Cirrus Logic: Really, 5 Times Earnings?

Apr.17.13 | About: Cirrus Logic, (CRUS)

Cirrus Logic (NASDAQ:CRUS) preannounced its fiscal fourth quarter on Tuesday night, stating it was expecting 87% year over year revenue growth for a total of approximately $206.9 million for the quarter. In addition, the company stated it was taking a $23 million inventory writedown due to lower product valuations on decreased demand from its largest customer, Apple (NASDAQ:AAPL). Management stated the writedown was in response to "the customer" migrating from an older CRUS product to a new one for a new product. Of course, the reasonable thing to assume is that this is due to a new iPhone, probably due out in the second half of this year. On the fiscal first quarter front, CRUS forecasts $150 to $170 million in revenue and 50 to 52 percent gross margins.

The company is now trading at the ludicrous value of only 5 times its estimated earnings for 2014. I can't even believe I'm saying that as only businesses that are on the verge of death should be trading for such a valuation. In addition, the company is trading at only 2.1 times book value as of this writing and 1.9 times sales. These numbers are usually reserved for mammoth, blue chip no-growers that pay out dividends; CRUS grew revenues 87% year over year in the fiscal fourth quarter.
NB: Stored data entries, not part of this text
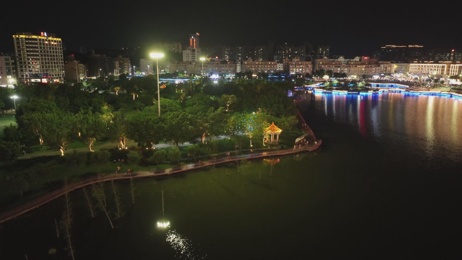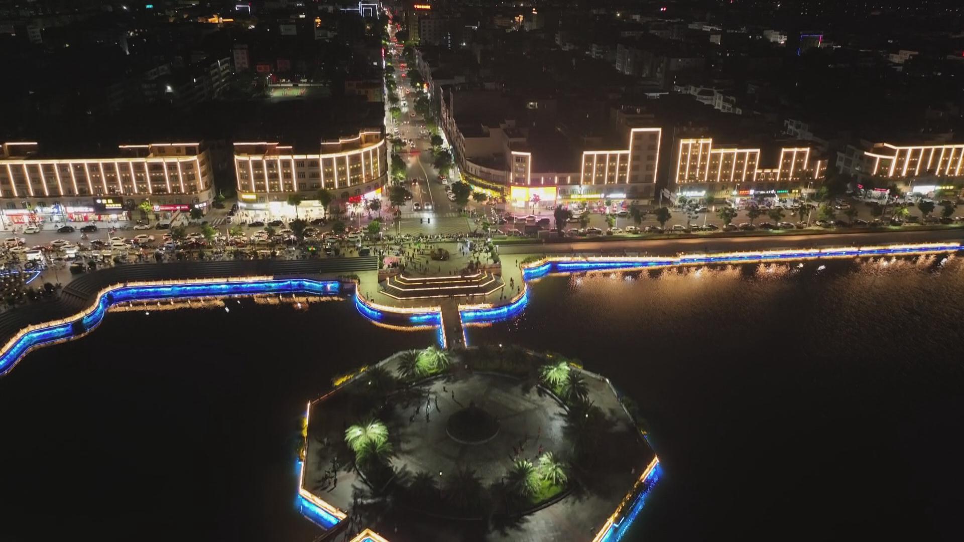 夜幕降临,阳西西湖灯火通明,夜市流光溢彩,灯光倒景于湖水中,游人如织,繁华热闹、美丽迷人的夜景,成为阳西市民休闲打卡地。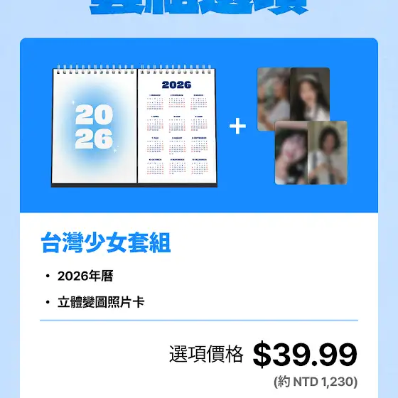 - 🎁商品內容:2026年桌曆+照片卡4張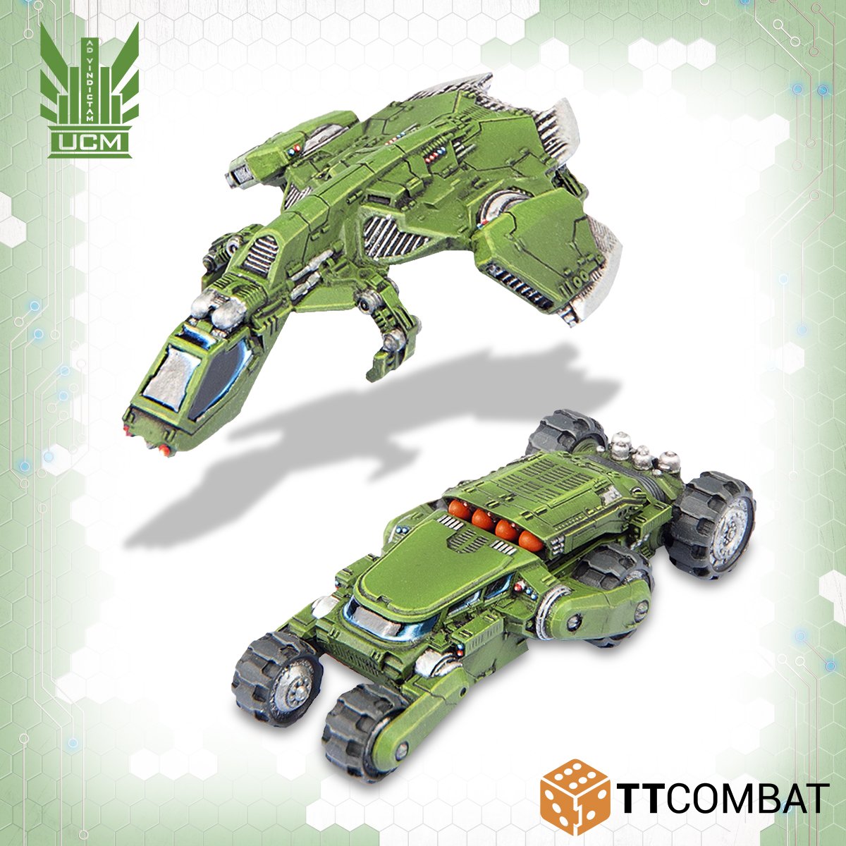 This box contains a perfect small UCM army. With 6 tank-hunting Sabres, 6 anti-air Rapiers, and 12 bases of Legionnaires all in Bear APCs, you have a solid core for an army. All of these are brought to battle in 6 of the ubiquitous Condor Dropships, which provide astounding speed and survivability.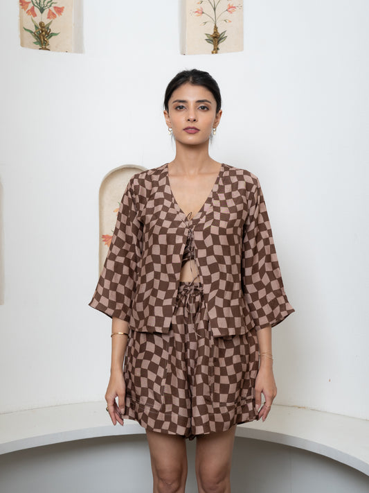 Brown Gingham Short Co-ords Set
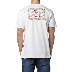 Camiseta Billabong feita em modelagem Core Fit, meia malha de algodão 30.1 penteada, estampa localizada no peito e costas, silk interno e etiquetas personalizadas.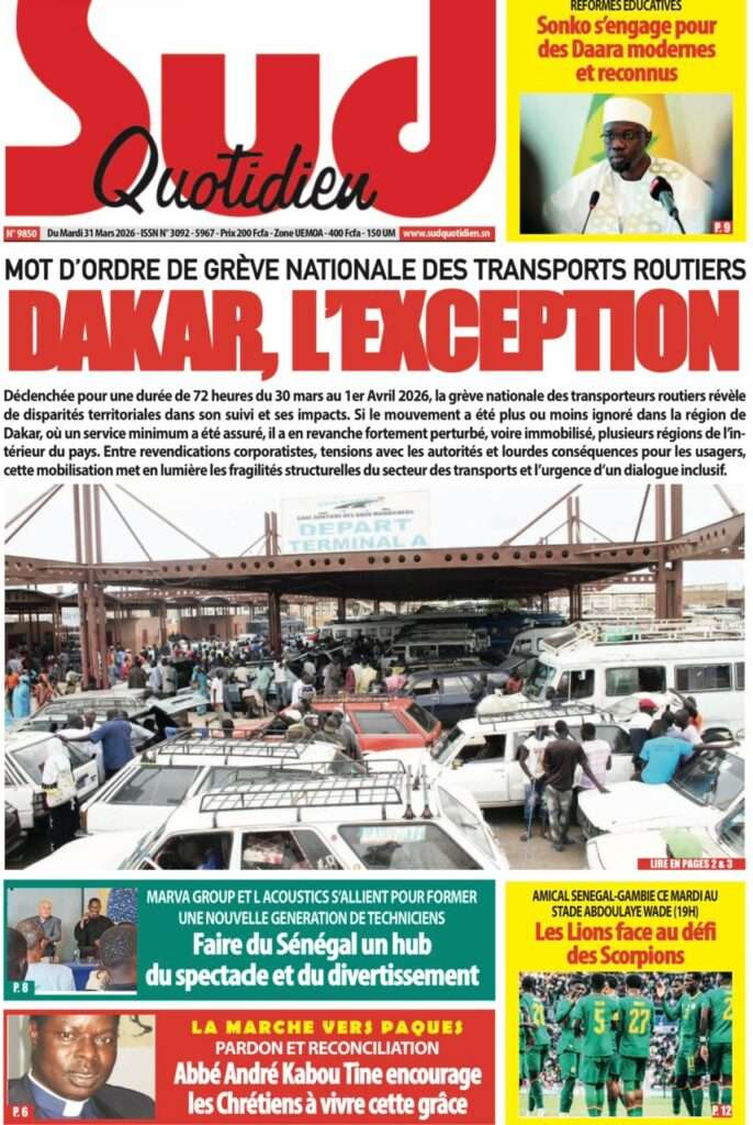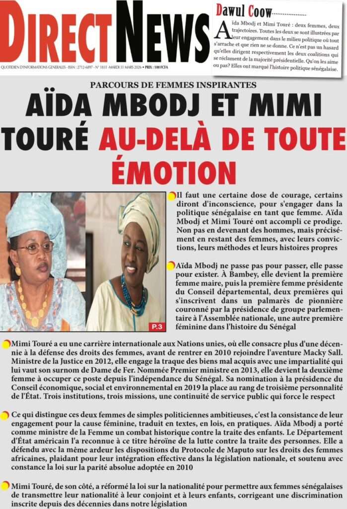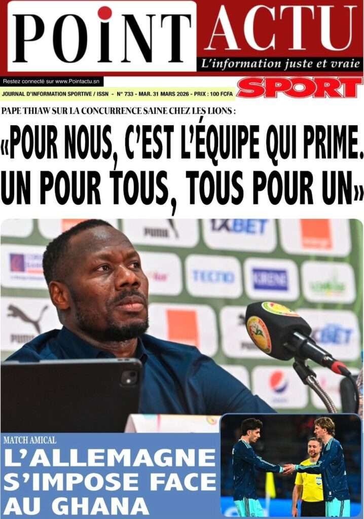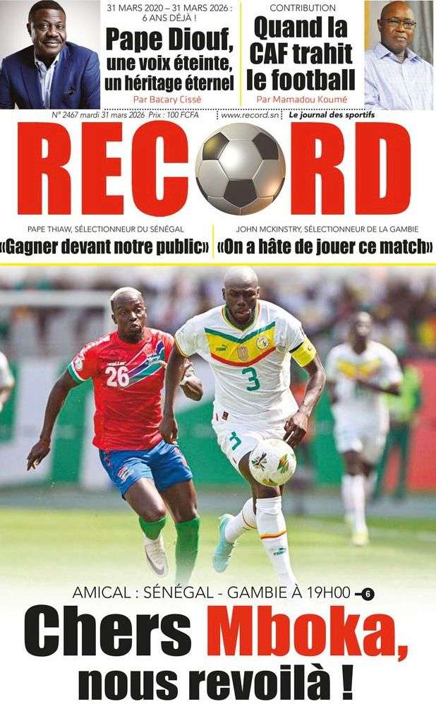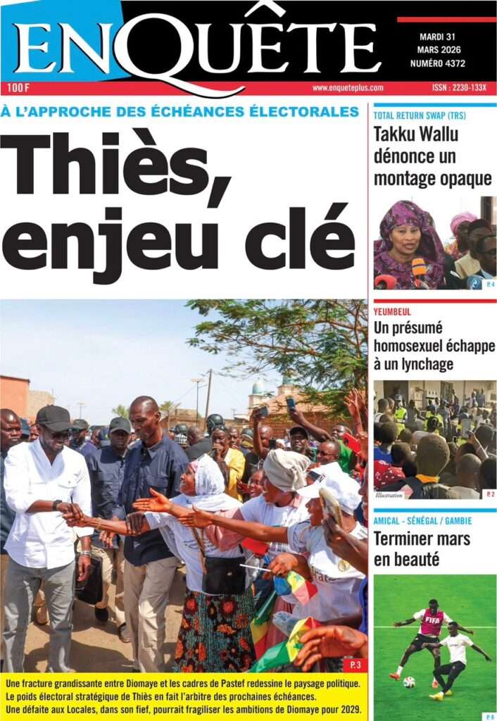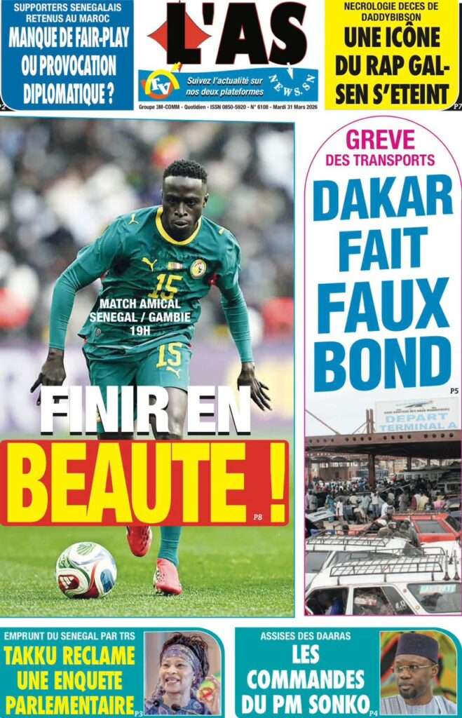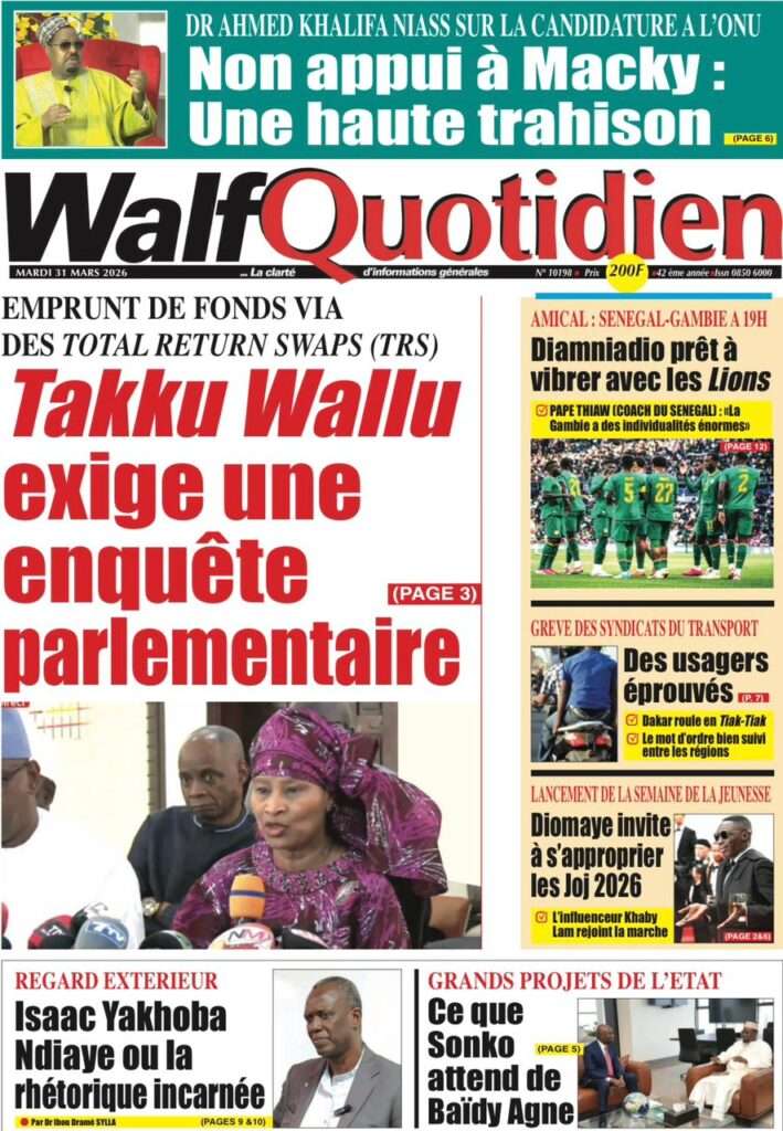 A la Une Actualité Une Des Quotidiens – Mardi 31 Mars 2026 (Avec Ma Revue De Presse) Bour Sine mars 31, 2026 0 Post navigation Previous: Nécrologie : Décès du rappeur Daddy Bibson, pionnier du rap wolofNext: Durcissement des sanctions contre l’homosexualité : la loi promulguée par le président Diomaye More Stories A la Une Actualité Politique Ce que change la nouvelle loi électorale adoptée par les députés Bour Sine avril 28, 2026 0 A la Une Actualité Politique « Ensemble, nous sommes une force »Par Hamidou Thiaw, Président du MPR Bour Sine avril 28, 2026 0 A la Une Actualité Pape Malick Ndour envoyé en prison Bour Sine avril 28, 2026 0 Laisser un commentaire Annuler la réponseVotre adresse e-mail ne sera pas publiée. Les champs obligatoires sont indiqués avec *Commentaire * Nom * E-mail * Site web Enregistrer mon nom, mon e-mail et mon site dans le navigateur pour mon prochain commentaire.

To determine exactly how insane the current valuation of CRUS is, we must provide some context. In the last four quarters, CRUS produced $713 million of revenue and $374 million of gross profit. This equates to a gross margin percentage of 52.4%. Since we already know that CRUS is saying it had roughly $206.9 million in revenue in its fourth quarter and is forecasting a midpoint of $160 million in its first quarter, we can extrapolate what this year will look like based upon last year's numbers. Keep in mind that CRUS just said it grew revenues 87% YoY when you consider that if we just take last year's second and third quarter revenue numbers and extrapolate them onto this year, we get a projected revenue number of $871 million. Remember, this assumes zero revenue growth for the rest of the year.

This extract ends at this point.